§ RECORDED DATA
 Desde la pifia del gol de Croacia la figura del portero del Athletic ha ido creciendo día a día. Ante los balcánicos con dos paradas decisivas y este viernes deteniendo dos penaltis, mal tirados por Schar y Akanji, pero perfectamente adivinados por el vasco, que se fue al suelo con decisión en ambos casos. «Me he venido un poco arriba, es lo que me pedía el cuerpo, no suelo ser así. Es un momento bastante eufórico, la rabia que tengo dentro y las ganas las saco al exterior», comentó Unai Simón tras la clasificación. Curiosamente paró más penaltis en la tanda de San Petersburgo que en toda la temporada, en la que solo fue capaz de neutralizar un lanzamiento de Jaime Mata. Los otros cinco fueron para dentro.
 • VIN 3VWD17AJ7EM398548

==

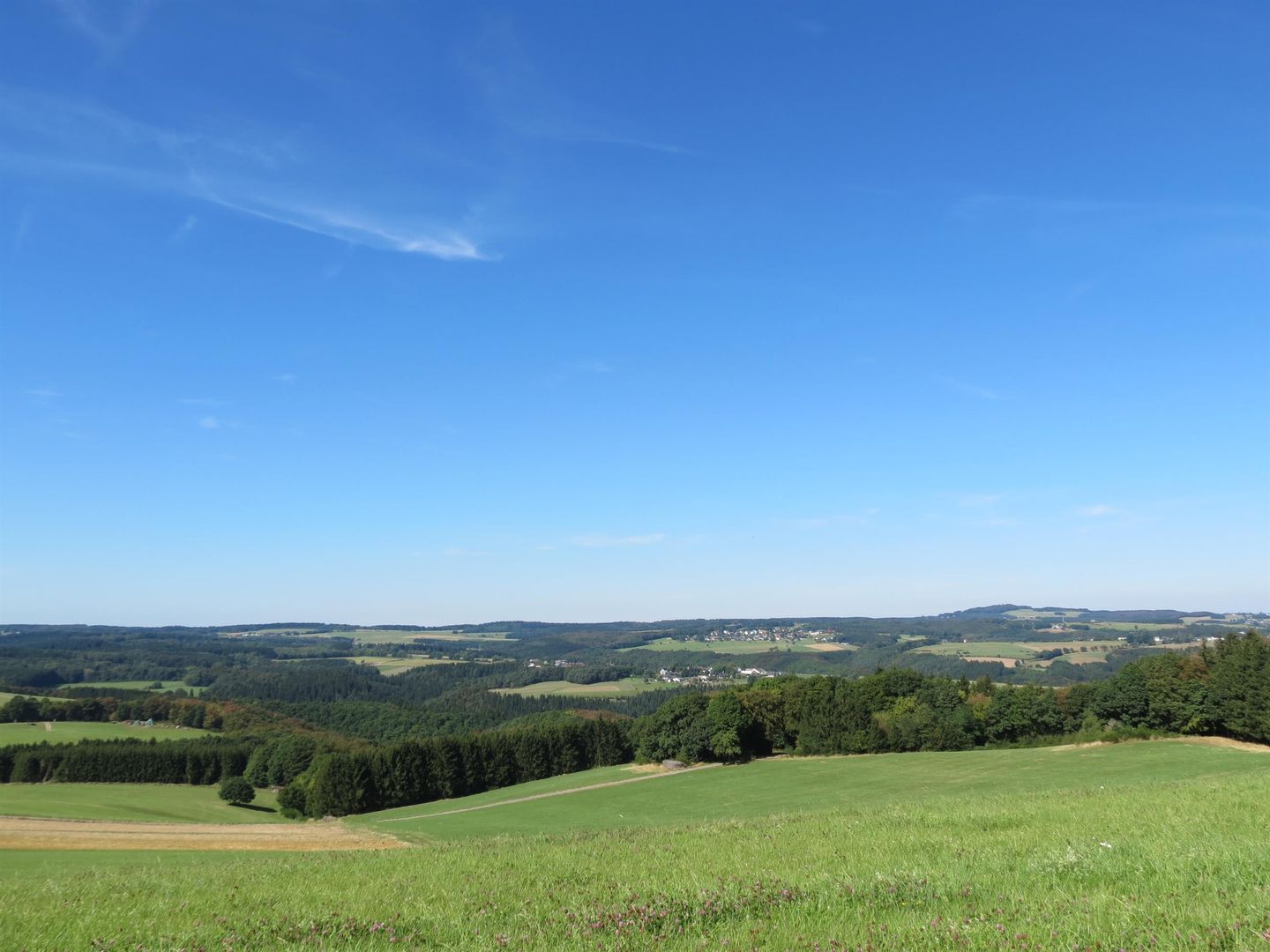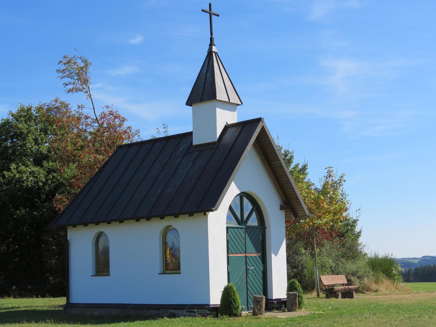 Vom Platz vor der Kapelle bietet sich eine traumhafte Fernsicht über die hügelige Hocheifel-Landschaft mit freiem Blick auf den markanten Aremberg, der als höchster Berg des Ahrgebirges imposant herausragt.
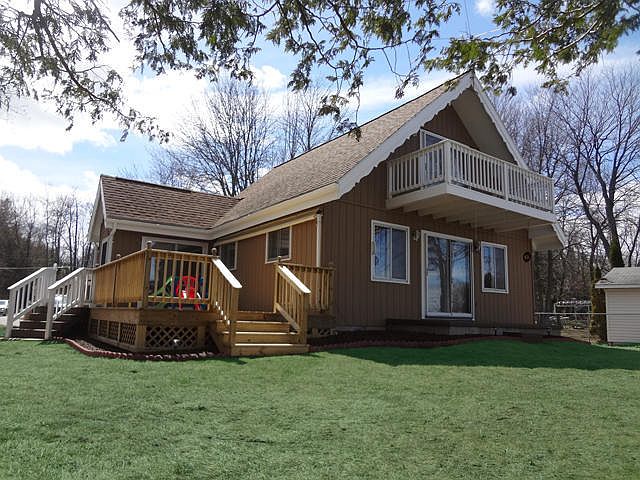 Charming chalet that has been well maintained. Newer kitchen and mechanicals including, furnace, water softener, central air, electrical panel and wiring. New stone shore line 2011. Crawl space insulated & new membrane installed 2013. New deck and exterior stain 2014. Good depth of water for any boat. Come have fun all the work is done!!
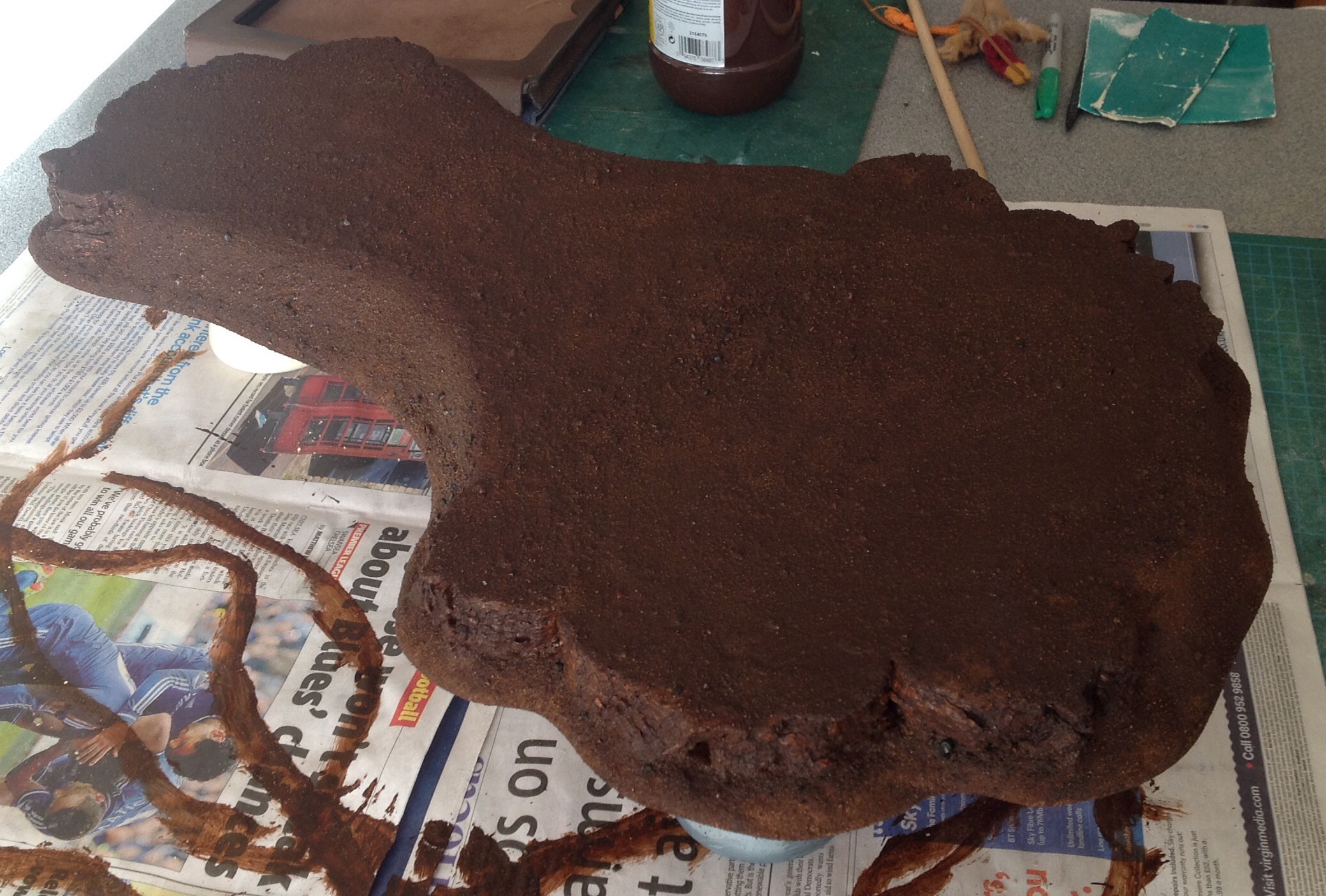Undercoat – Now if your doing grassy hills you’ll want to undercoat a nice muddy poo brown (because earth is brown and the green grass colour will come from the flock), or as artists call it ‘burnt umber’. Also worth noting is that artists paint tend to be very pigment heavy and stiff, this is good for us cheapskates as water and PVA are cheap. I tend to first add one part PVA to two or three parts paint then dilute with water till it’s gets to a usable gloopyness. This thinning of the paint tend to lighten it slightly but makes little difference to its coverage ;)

§ ABOUT THIS TASK
Going by the data above, give back only the lines from the one containing "Vom Platz vor" through the one containing "Undercoat – Now", exactly as they stand, both ends included and no images.

§ REPLY
 Vom Platz vor der Kapelle bietet sich eine traumhafte Fernsicht über die hügelige Hocheifel-Landschaft mit freiem Blick auf den markanten Aremberg, der als höchster Berg des Ahrgebirges imposant herausragt.
 Charming chalet that has been well maintained. Newer kitchen and mechanicals including, furnace, water softener, central air, electrical panel and wiring. New stone shore line 2011. Crawl space insulated & new membrane installed 2013. New deck and exterior stain 2014. Good depth of water for any boat. Come have fun all the work is done!!
Undercoat – Now if your doing grassy hills you’ll want to undercoat a nice muddy poo brown (because earth is brown and the green grass colour will come from the flock), or as artists call it ‘burnt umber’. Also worth noting is that artists paint tend to be very pigment heavy and stiff, this is good for us cheapskates as water and PVA are cheap. I tend to first add one part PVA to two or three parts paint then dilute with water till it’s gets to a usable gloopyness. This thinning of the paint tend to lighten it slightly but makes little difference to its coverage ;)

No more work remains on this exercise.